I'll get some pictures up later today or tomorrow, when the tank is all set up. It will be planted, though as it stands right now it has no plants, only decorations. I didn't get a good look at the filtration system, so I'll post that up as well.

Anyways, ideas of what to add would be great, I'm even up to suggestions of non-fish species. (inverts, amphibs)[FONT=Kristen ITC, cursive]
[/FONT]


----------



## lohachata (Jan 27, 2006)

that's a pretty awesome deal dragon..you are gonna love it.


----------



## Ghost Knife (Mar 12, 2008)

That's actually a decent mix for a semi-aggressive tank. I wouldn't have put the glass cats in there, but everything else in there is compatible.


----------



## Dragonbeards (Dec 14, 2008)

No glass cats? I was thinking that as I did a little more research on them. Seems they are a bit delicate. So then, the question is, what should I get instead?


----------



## Ghost Knife (Mar 12, 2008)

Dragonbeards said:


> No glass cats? I was thinking that as I did a little more research on them. Seems they are a bit delicate. So then, the question is, what should I get instead?
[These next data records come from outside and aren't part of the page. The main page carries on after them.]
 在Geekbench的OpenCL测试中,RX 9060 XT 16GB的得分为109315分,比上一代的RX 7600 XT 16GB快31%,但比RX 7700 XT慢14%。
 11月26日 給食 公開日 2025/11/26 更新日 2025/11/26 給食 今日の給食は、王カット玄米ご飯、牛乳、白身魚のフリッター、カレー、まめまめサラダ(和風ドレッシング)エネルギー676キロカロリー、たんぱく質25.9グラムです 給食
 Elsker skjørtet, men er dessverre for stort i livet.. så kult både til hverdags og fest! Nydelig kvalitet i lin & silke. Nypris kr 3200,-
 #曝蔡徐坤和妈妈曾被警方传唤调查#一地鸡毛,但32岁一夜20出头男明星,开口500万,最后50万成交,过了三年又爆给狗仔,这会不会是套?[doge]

I would get a school of something and you have a lot of choices for a tank that size. Silver Dollars or any type of barb.


----------



## Dragonbeards (Dec 14, 2008)

OK, thanks. First, I think I'm gonna see if I can't get a better look at the striped fish and identify it. If it turns out to be a schooling fish, I may just get those.


----------



## Ghost Knife (Mar 12, 2008)

Dragonbeards said:


> OK, thanks. First, I think I'm gonna see if I can't get a better look at the striped fish and identify it. If it turns out to be a schooling fish, I may just get those.
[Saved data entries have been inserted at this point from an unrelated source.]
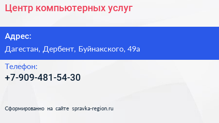 Центр компьютерных услуг по адресу Дагестан, Дербент, Буйнакского, 49а в дальнейшем Организация, размещена в следующих категориях:
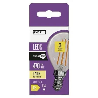 EMOS LED žárovka Filament Mini Globe / E14 / 3,4 W (40 W) / 470 lm / teplá bílá
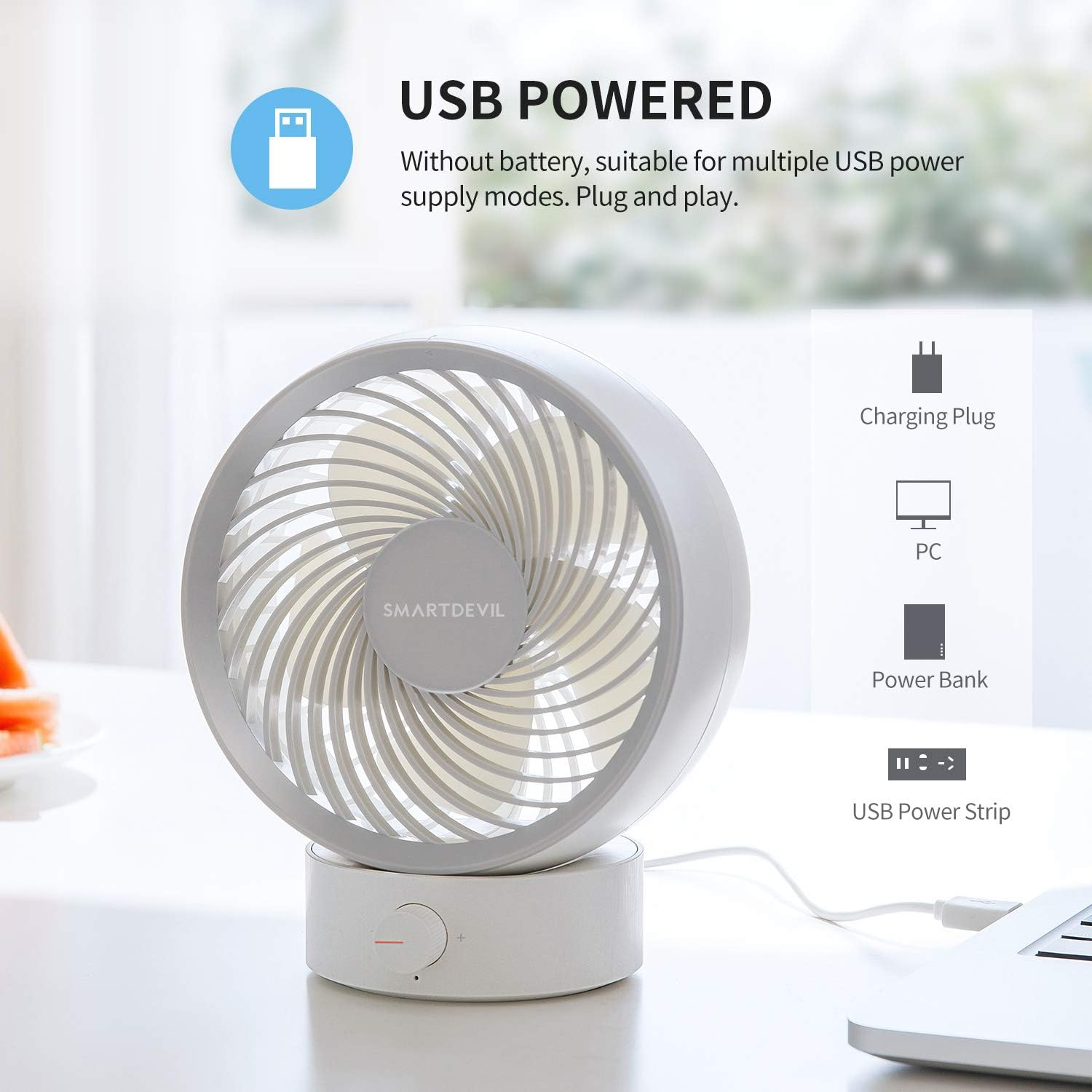 سمارت ديفل مروحة مكتب USB جديدة، مروحة طاولة شخصية صغيرة مع رياح قوية، مروحة صغيرة محمولة تعمل بهدوء للمنزل والمكتب وغرفة النوم وسطح المكتب (ابيض)

Not 100% positive on Giant Danios, but I know that regular and long-finned Danios are community fish. Are Giant Danios compatible with a semi-aggressive tank?


----------



## Dragonbeards (Dec 14, 2008)

From when I posted before, everybody seemed to think they would be ok. Plus, they are a bit bigger then regular danios, so they should be able to hold their own. I hope so at least. Part of the reason I needed this tank in the first place is because I have 1 giant danio that came free with a 20g.


----------



## Blue Cray (Oct 19, 2007)

How do you know its a glass cat and not the larger version? I think they're africAN but I'm not too sure. They grow over 6" and would work fine in that tank.


----------



## Obsidian (May 20, 2007)

Giant Danios get to be 4-6 inches and would be okay in a semi aggressive tank, IMO. They are quick  I have 7 in my 100 gallon and they look nice in there.


----------



## Plecostomus (Jul 31, 2006)

I think you should have more than 2 kuhli loaches.


----------



## Dragonbeards (Dec 14, 2008)

OK, I can do that. 4 maybe? I just love the Kuhlis. They are so cute! I was thinking also of adding some kind of top dweller, maybe a few large hatchets or something else to that effect. Any ideas? I just want to even out the zones on the tank. I tend to favor bottom dwellers and forget about the top zone


----------



## llamas (Jun 29, 2009)

Kuhlis don't get that big and they will show themselves more often if they have the comfort of other Kuhlis around so I would up it maybe to 10 in a tank that big... You will see them much more often and since you like them so much, the more, the merrier!! 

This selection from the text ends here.